Question

Henderson-Hasselbalch: pH=pka + Log( [base]/(acid] ) 1. The value of Ka of nitrous acid (HNO2) is 4.6 x 104 M. Calculate the pH and the concentration of [H3O+] in a 0.02M aqueous solution of HNO2(aq). 2. Label conjugate acid-base pairs: HNO2(aq) + H2O → H30* + NO2 (aq) 3. What will happen to the reaction equilibrium if we increase the pressure in the reaction vessel?

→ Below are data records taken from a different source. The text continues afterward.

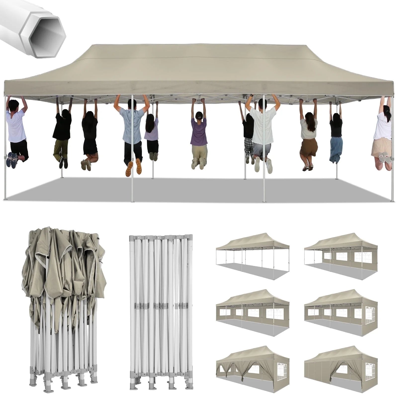 【Upgrade Thick Hexagonal Pipe Heavy Duty Canopy Frame】 COBIZI 10x30 canopy tent with walls is made of a commercial-grade full truss from powder-coated stainless steel, durable and rustproof. Upgrade hexagonal pipe, more stable than square pipe.COBIZI 10x30 pop up tent can withstand up to level 5 wind/28-38 mph.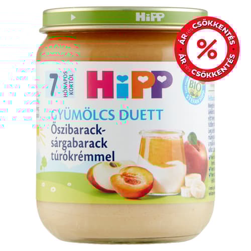 A Hipp duettek pépesített biogyümölcsöket és krémes állagú joghurtot vagy túrót tartalmaznak, 7 hónapos kortól fogyaszthatóak tízóraira vagy uzsonnára. Ízletes desszertek a nagyobb gyermekeknek is.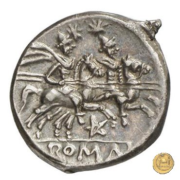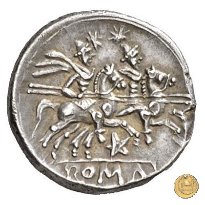 I Dioscuri a cavallo verso destra, con lancia in resta; due stelle sopra i loro pilei. Sotto un pentagramma.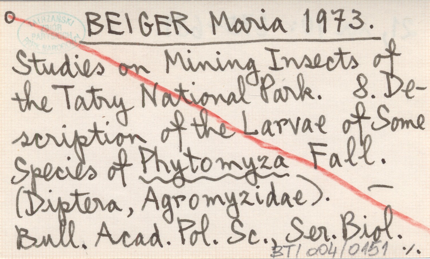 BEIGER Maria 1973 Studies on Mining Insects of the Tatry National Park. 8. Description of the Larvae of Some Species of Phytomyza Fall. (Diptera, Agromyzidae).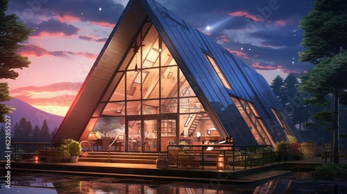 Bridge over river. AI generated art illustration.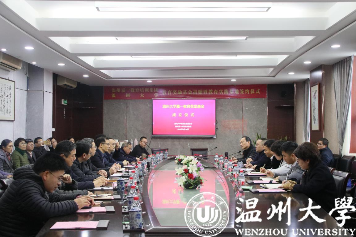 1月16日下午,小宝影院 嘉一教育奖励基金成立仪式在行政楼419会议室举行,该基金由温州嘉一教育培训集团、鹿城区政协季杜宇委员工作室捐赠设立。鹿城区政协副主席郑建西、文教卫体委主任吴恺娃;温州嘉一教育培训集团总裁季杜宇以及集团领导班子成员周锦春、周豪、钦寒平等出席;小宝影院 副校长方益权,教务处、教师培养基地负责人以及相关学院教学副院长、教学科长,溯初班学员代表、教师代表共30多人参加仪式。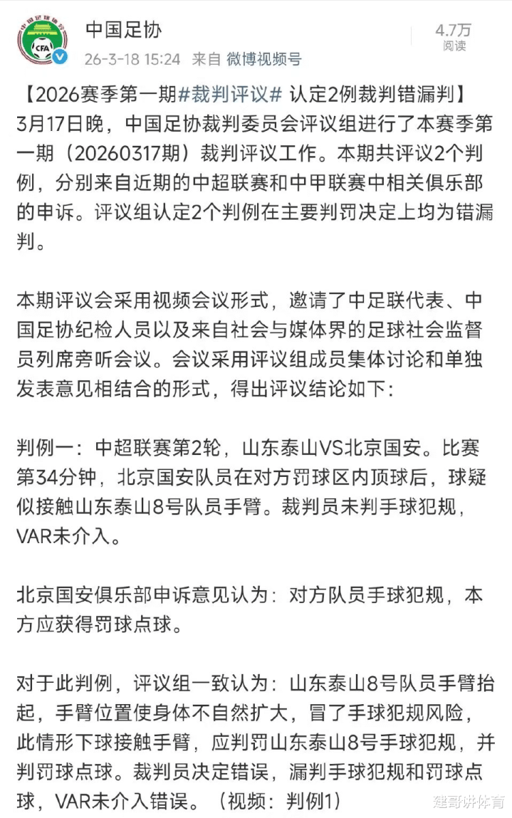 北京时代3月18日,足协官网发布公告,为上轮输球的北京国安队鸣了冤,足协称邀请了中足联代表、中国足协纪检东说念主员以及来自社会和媒体界的足球酬酢监督员列席旁听,吸收评议构成员集体权术和单独发布倡导相荟萃是时势,得出了国安应该取得点球,主裁判和视频裁判齐出现了错判的情况。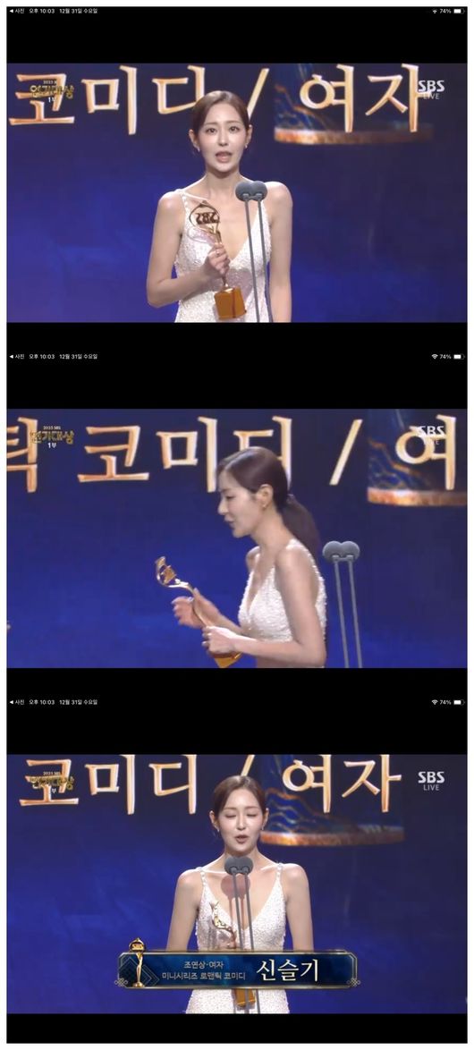 31일 오후 SBS 프리즘타워에서 열린 ‘2025 SBS 연기대상’에서는 '우쥬메리미'에서 조연으로 톡톡히 빛을 발한 배우 신슬기가 등장했다. 넷플릭스 '솔로지옥2'에서 히로인으로 많은 이의 호감을 샀던 그는 배우 전향을 선포해 모두를 의이하게 했다. 그러나 드라마 '피라미드 게임'에서 단호한 반장 역할을 맡았으며 '우쥬메리미'에서는 사랑에 차가운 얼굴로 뜨거운 눈물을 흘리는 여자가 되었다.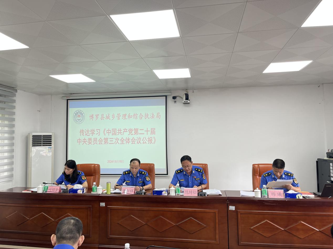 8月15日,博羅縣城鄉管理和綜合執法局召開傳達學習貫徹黨的二十屆三中全會精神報告會,傳達學習習近平總書記在黨的二十屆三中全會上的重要講話精神,集中學習《中共中央關于進一步全面深化改革、推進中國式現代化的決定》精神及全會公報,傳達省市縣相關會議精神,研究部署我局下半年重點工作。局領導班子成員、全體干部職工參加會議。
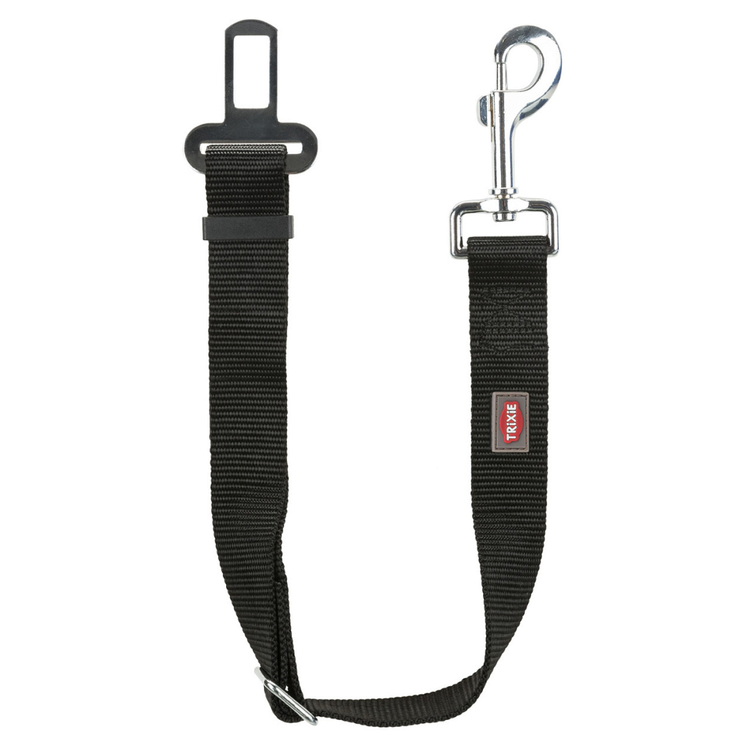 Met de Trixie veiligheidsgordel voorkom je dat jouw hond zich vrij door de auto kan bewegen. Met de musketonhaak maak je de gordel vast aan het autotuig van je hond, de andere kant steek je in de gordelhouder.

H2(g) + 12(e) → 2 HI(g)

Need help on questions 1-3

Answer 1

1. given Ka =4.6*10^(-4)M

[HNO2] = 0.02M

now for acid

HNO2 + H2O $\rightleftharpoons$ H3O+. + NO2-

let [H3O+] = [NO2-] =x

Ka is written as

Ka = [H3O+] [NO2-]/[HNO2] = 4.6*10^(-4) M. (given)

thus x. x /0.02 = 4.6*10^(-4)

x.x = 9.2* 10^(-6)

thus x= [H3O+] = 3.03 * 10^(-3)

now pH = - log [H3O+] = - log(3.03*10^(-3)) = 2.52

2. HNO2 +H2O  $\rightleftharpoons$ H3O+ + NO2-

here HNO2 is acid as it is lossing H+ ion in water and thus its conjugate base is NO2-.

Here H2O is acting as a base, because it is accepting a proton. thus H3O+ is its conjugate acid.

3. H2 +I2 $\rightleftharpoons$ 2HI

As pressure increases, volume decreases. then no. of moles per unit volume increases. To overcome this effect, equilibrium will shift in a direction of decreasing no. of moles.

but here no. of moles are same in both side. So here no effect of prrssure change.